Please your library user with typescript generic

In typescript, generic is a tool that api/library author to please its consumer. What does this means.

For example, as library developer, I want to create a higher order function to modify a an existing function, so that I can log the entering and exiting of the function 's execution. The following function does the job

function log (fn) {
  const name = fn.name;
  return function (...args) {
    console.log(`entering ${name}`);
    const rtn = fn(...args);
    console.log(`leaving ${name}`);
  };
}

function add(a:number, b: number) {
  return a + b;
}

add(1, 2);
add('1', '2'); //warning
//
const logAdd = log(add); //type information is lost
logAdd(1, 2);
logAdd('1', '2'); //no warning

When consuming the log function, the modified function run as expected, but it lost the signature of the original function, and it cannot type checking like the original function.

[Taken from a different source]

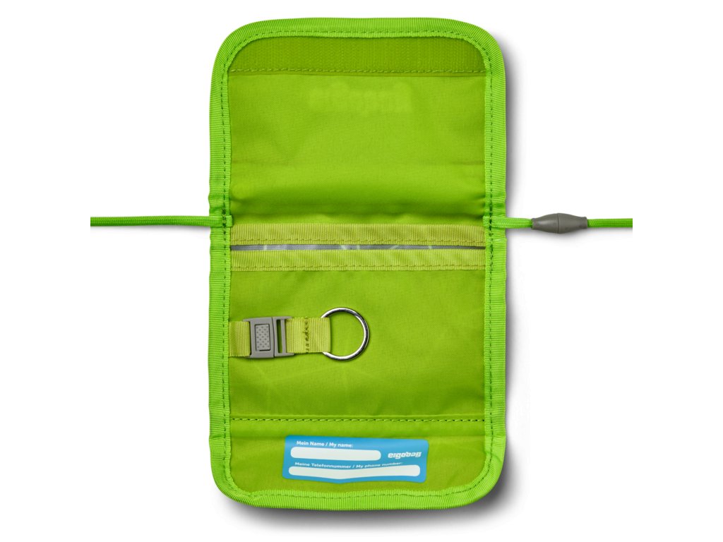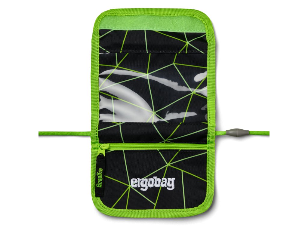 Multifunkční peněženka Ergobag je praktickým doplňkem každého školáka. 2 v 1 peněženka a klíčenka v jednom. Uvnitř je kroužek na klíče a prostor na bankovky či průkazky. Je uzavíratelná na suchý zip. V přední části je zip s kapsou na drobné mince. Zadní část má průhledné indexové okénko. Velmi praktická je šňůrka na krk s bezpečnostní přezkou, která se uvolní při působící síle více než 6 newtonů.

It is pretty easy to solve the problem by adding generic to the log function.

function log<T extends (...args) => any>(fn: T) {
  const name = fn.name;
  return function (...args) {
    console.log(`entering ${name}`);
    const rtn = fn(...args);
    console.log(`leaving ${name}`);
  } as T;
}

function add(a:number, b: number) {
  return a + b;
}

add(1, 2);
add('1', '2'); //warning
//
const logAdd = log(add); //type information is retained.
logAdd(1, 2);
logAdd('1', '2'); //warning

Now the modified function has all the type information of the original function. The way it works is that typescript infer the type of input argument, and pass along the type along.